This situation was perceived by philanthropist Betty Cecilia Lugo when she arrived in Lagunillas. Educated in Medicine and Special Education, she started a crusade in order to include special education into the local educational system. That is how the idea of starting a school for children with disabilities was born. The school was created primarily as a place where disabled children could be educated, have special activities outdoors and start to play sports.

===Stages===
Betty Lugo started the project by creating awareness within the local community. She discussed the importance of Special Education with private companies and government institutions and built a fundraising committee. The most important achievement at this stage was to make possible that oil international companies included the project in their donation programs.

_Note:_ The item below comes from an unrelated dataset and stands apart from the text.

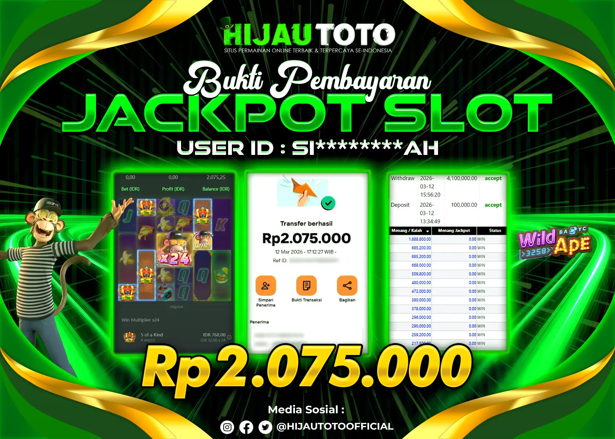 Selamat datang di HIJAUTOTO, tempatnya seru-seruan dan cuan besar! Mulai main cukup dengan modal Rp5.000 aja, taruhan super murah dari Rp100 perak! Mau main slot yang penuh warna? Atau togel dari 20 pasaran paling hits? Atau mungkin tembak ikan yang bikin deg-degan? Tenang, ada juga taruhan bola, sabung ayam, dan live casino yang bikin suasana makin hidup! Daftar sekarang dan dapetin bonus new member 100% langsung, biar modalmu makin tebal. Deposit gampang banget, bisa pakai QRIS, dan kalau butuh bantuan, customer service kita siap 24 jam nonstop. Jadi, tunggu apa lagi? Yuk, gabung dan bawa pulang kemenangannya cuma di HIJAUTOTO!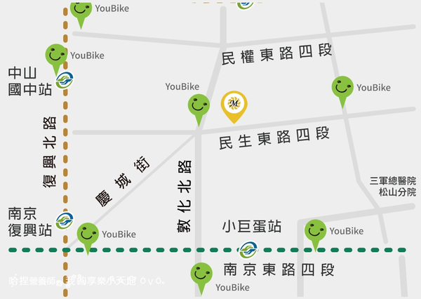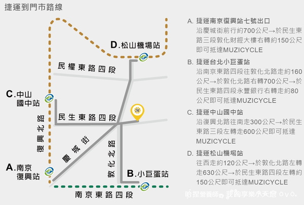 《MUZICYCLE》位於民生社區附近,附近有捷運站包圍,有中山國中站、南京復興站、松山機場站和小巨蛋站,我們是從南京復興站7號出口走慶城街去的,大約10分鐘的路程就到囉!

The second stage focused on the search and selection of teachers, to be chosen into a community where Special Education was an unknown field. Given her academic training on the subject, Betty Lugo took care of the education and guidance of selected teachers, training them as special educators.

The third stage aimed to find an appropriate building to start activities, which took one year of meetings with different public and private companies. The school was inaugurated on May 4, 1974, in a large building donated by Shell Company of Venezuela, located in Ciudad Ojeda, Lagunillas Municipality, Zulia. The building had enough space for classrooms and offices. It also had a large garden, where children could develop psychomotor skills. Furniture and other equipment was purchased with money collected by the fundraising committee.

==The school==
The name of the school was AZUPANE- Lagunillas ("Asociación Zuliana de Padres y Amigos de Niños Excepcionales - Lagunillas", English: "Zulian Association of Parents and Friends of Exceptional Children" - Lagunillas district). It started with seven pupils while Betty Lugo, together with benefactors and local authorities, continued searching for disabled children within the region. Other cases in need for special education started to show up and the school soon began to increase the number of students.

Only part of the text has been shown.